##### SUPPLIED RECORDS

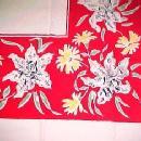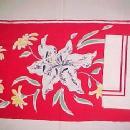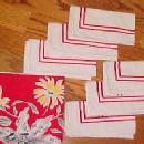Table cloth is 50" X 64" with a nice small sewed edge. There are 6 napkins matching. No holes or tears. Buyer pays S&H. We accept payment from all credit cards via Paypal. You can mail a money order or check to us for payment however shipping will be delayed if payment is made with a personal check.
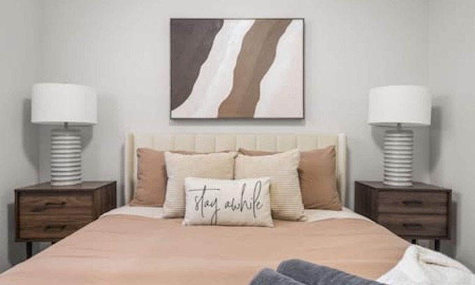 Features two stylish queen bedrooms, a fully equipped kitchen with stainless steel appliances, a living room with a smart TV,, washer & dryer.
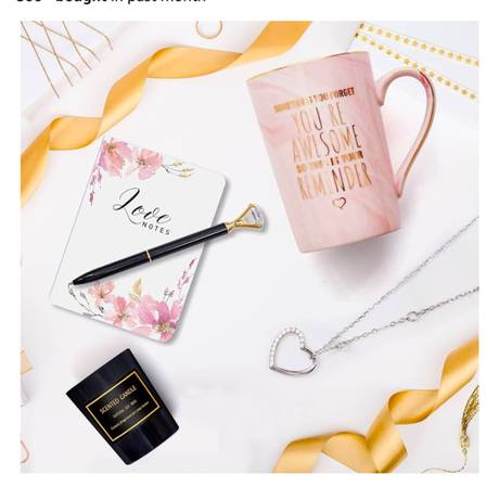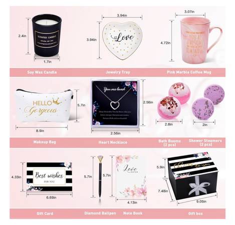 include: 1 pink marble ceramic coffee mug, 1 jewelry tray, 1 silver necklace,1 English pear and freesia scented candle (soy wax candle), 2 rose bath booms, 2 lavender shower steamers, 1 note book, 1 diamond ball pen, 1 ‘hello beautiful’ cosmetic bag, 1 greeting card and 1 gift box.
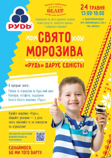 24 травня з 13:00 до 18:00 в Івано-Франківську відбудеться "Свято морозива". У програмі свята: розваги та атракціони на будь-який смак, конкурси, естафети, подарунки та багато-багато морозива від ТМ "Рудь".
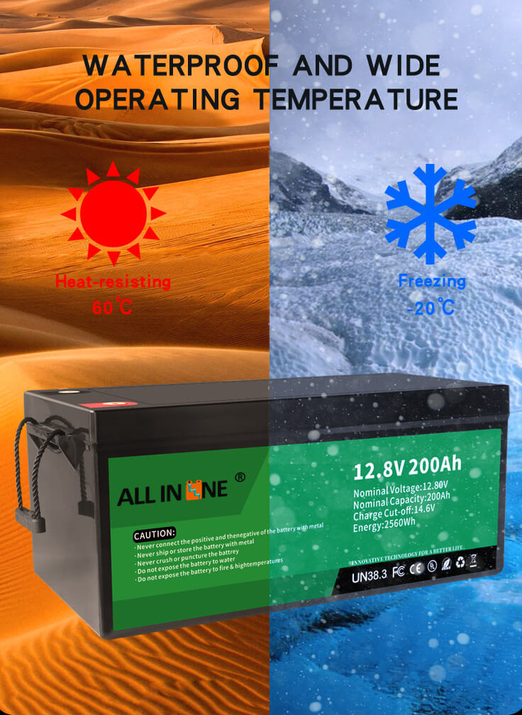 4. Bred arbeidstemperatur: LiFePO4 batteri har et bredt arbeidstemperaturområde på -20 ° C ~ 60 ° C.
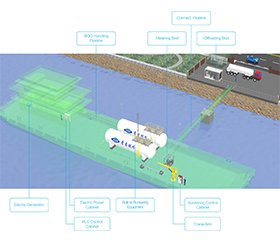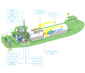 This kind of bunkering system is based on LNG fuel power ship, which has low requirements on water conditions.
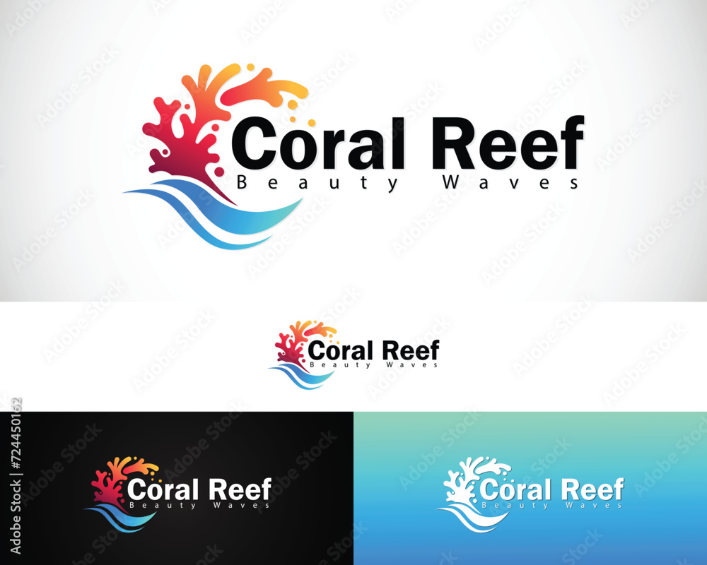 Samolepka coral reef logo creative design concept wave sea ocean beauty beach animal fish

##########

• _TASK PROMPT_:
Every word of the data should be reproduced exactly; please omit any pictures.

• _YOUR SOLUTION_:
Table cloth is 50" X 64" with a nice small sewed edge. There are 6 napkins matching. No holes or tears. Buyer pays S&H. We accept payment from all credit cards via Paypal. You can mail a money order or check to us for payment however shipping will be delayed if payment is made with a personal check.
 Features two stylish queen bedrooms, a fully equipped kitchen with stainless steel appliances, a living room with a smart TV,, washer & dryer.
 include: 1 pink marble ceramic coffee mug, 1 jewelry tray, 1 silver necklace,1 English pear and freesia scented candle (soy wax candle), 2 rose bath booms, 2 lavender shower steamers, 1 note book, 1 diamond ball pen, 1 ‘hello beautiful’ cosmetic bag, 1 greeting card and 1 gift box.
 24 травня з 13:00 до 18:00 в Івано-Франківську відбудеться "Свято морозива". У програмі свята: розваги та атракціони на будь-який смак, конкурси, естафети, подарунки та багато-багато морозива від ТМ "Рудь".
 4. Bred arbeidstemperatur: LiFePO4 batteri har et bredt arbeidstemperaturområde på -20 ° C ~ 60 ° C.
 This kind of bunkering system is based on LNG fuel power ship, which has low requirements on water conditions.
 Samolepka coral reef logo creative design concept wave sea ocean beauty beach animal fish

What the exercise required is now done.